Cuando secos los tallos estén en el otoño,
imagínate en ellos pintado algún retoño.

- Lo haré, si entonces aún logro acordarme -le aseguró Alicia.
- No es preciso que sigas haciendo comentarios de este tipo -dijo Humpty Dumpty-: no tienen ni pies ni cabeza y me ponen nervioso.

He enviado esta nota a los peces del mar:
"Es cuanto más o menos yo puedo desear."

Los viles pececitos, a mi urgente misiva,
contestan con lacónica expresión negativa.

Ésta fue su respuesta a vuelta de correo:
"Lo haríamos, señor, de ser capaces, pero..."

- Me temo que no lo entiendo muy bien -dijo Alicia.
- Lo que sigue es más fácil -replicó Humpty Dumpty.

Les envié enseguida una nueva misiva:
"No me deis nunca más otra nueva evasiva."

Los peces contestaron no sin cierta ironía:
"¡Qué genio! Controlad vuestro arranque de ira."

Los previne una vez, los previne dos veces:
¡a escucharme se niegan los desdichados peces!

Me agencié en la cocina la olla más contundente,
que juzgué para el caso como más convincente.

Tac-tac da el corazón: todo castigo es poco.
Llené la gran caldera: el pulso me iba loco.

Mas alguien vino a verme; ¡cuánto llanto derrama
por los peces enfermos que yacen en la cama!

Le dije claramente, le dije con franqueza:
"Pues vas y los despiertas con vigor y firmeza."

Mi voz era tan recia que parecía un rugido:
se lo dije furioso, se lo grité al oído.

Al recitar esta estrofa, Humpty Dumpty alzó tanto la voz que casi sonó como un aullido y Alicia, estremecida, pensó: "¡Por nada del mundo hubiera yo querido estar en la piel de ese mensajero!"

"¿Por qué, si no soy sordo -me dijo aquel maldito,
tan tieso como un huso- clamas a voz en grito?"

Y el tipo tieso y fatuo, muy pagado de sí,
me dijo: "Bien, yo iría a despertarlos si..."

Cogí un tirabuzón que encontré en un estante
y los fui a despertar por mi cuenta al instante.
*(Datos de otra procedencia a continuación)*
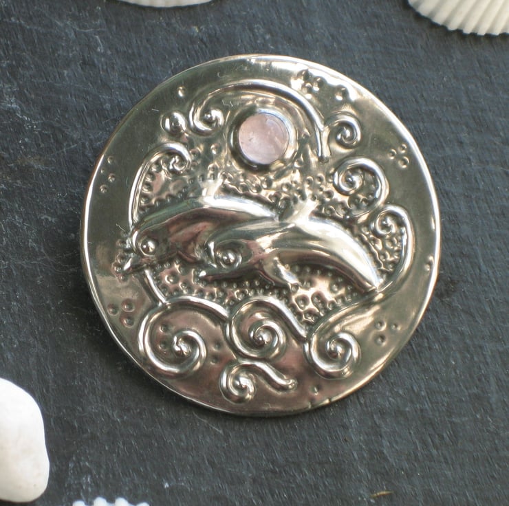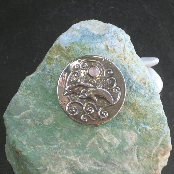 Dolphin brooch handmade in lead-free pewter with genuine rose quartz stone.

Y cuando vi la puerta que estaba con cerrojo,
la empujé y sacudí y golpeé con enojo.

Pero al ver que la puerta tenía puesto el cierre,
la maniobré con rabia, articulé una erre...

Hubo una larga pausa.
- ¿Eso es todo? -preguntó tímidamente Alicia.
- Todo -dijo Humpty Dumpty-. ¡Y adiós!
Traducción de Luis Maristany

Charles Lutwidge Dodgson, Lewis Carroll, buen matemático y mejor fotógrafo, escribió Alice's Adventures in Wonderland en 1865, trasladando al papel las historias que tres años antes había narrado durante un viaje en barca por el Támesis a sus tres pequeñas amigas, las hermanas Liddell, hijas del decano de Christ Church: Lorina, Alice y Edith, Prima, Secunda y Tertia del poema inicial, que contaban entonces trece, diez y ocho años. Tuvo un éxito inmediato y clamoroso, de modo que en 1871 publicó Through the Looking-Glass, una especie de segunda parte. El fragmento que acaban de leer pertenece a esta obra. Más tarde, en 1876, publicaría el poema La caza del Snark. Todos ellos en la más pura tradición del nonsense, tan querido por los británicos.
En sus últimos años se dedicó a escribir trabajos de lógica simbólica.
Cuentan que a la reina Victoria le gustó tanto Alicia en el País de las Maravillas, que ordenó le enviasen inmediatamente todo lo que escribiese Carroll a partir de entonces. El primer libro que recibió fue un tratado de Matemáticas.